INSTRUCTIONS TO FOLLOW :: Copy exactly the lines of the material below that run from the one containing "塗りおえたら本紙の上にゆっく" through the one containing "- šćIm Sorry". Copy no other lines.

RECORDED INFORMATION ::
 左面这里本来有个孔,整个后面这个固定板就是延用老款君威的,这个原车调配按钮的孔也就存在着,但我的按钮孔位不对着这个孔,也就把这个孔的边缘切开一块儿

...

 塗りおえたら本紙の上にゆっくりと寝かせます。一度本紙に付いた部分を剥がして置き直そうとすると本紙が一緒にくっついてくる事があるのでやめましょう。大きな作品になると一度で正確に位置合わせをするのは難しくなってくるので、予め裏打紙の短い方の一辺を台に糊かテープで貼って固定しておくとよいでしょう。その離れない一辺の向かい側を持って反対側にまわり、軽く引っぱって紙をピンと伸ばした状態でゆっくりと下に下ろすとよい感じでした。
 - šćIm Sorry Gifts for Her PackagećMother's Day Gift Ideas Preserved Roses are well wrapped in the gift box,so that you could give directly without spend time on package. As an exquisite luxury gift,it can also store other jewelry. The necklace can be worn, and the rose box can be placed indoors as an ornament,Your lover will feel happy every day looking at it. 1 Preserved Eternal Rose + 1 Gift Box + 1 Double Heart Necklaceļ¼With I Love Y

OUTPUT ::
 塗りおえたら本紙の上にゆっくりと寝かせます。一度本紙に付いた部分を剥がして置き直そうとすると本紙が一緒にくっついてくる事があるのでやめましょう。大きな作品になると一度で正確に位置合わせをするのは難しくなってくるので、予め裏打紙の短い方の一辺を台に糊かテープで貼って固定しておくとよいでしょう。その離れない一辺の向かい側を持って反対側にまわり、軽く引っぱって紙をピンと伸ばした状態でゆっくりと下に下ろすとよい感じでした。
 - šćIm Sorry Gifts for Her PackagećMother's Day Gift Ideas Preserved Roses are well wrapped in the gift box,so that you could give directly without spend time on package. As an exquisite luxury gift,it can also store other jewelry. The necklace can be worn, and the rose box can be placed indoors as an ornament,Your lover will feel happy every day looking at it. 1 Preserved Eternal Rose + 1 Gift Box + 1 Double Heart Necklaceļ¼With I Love Y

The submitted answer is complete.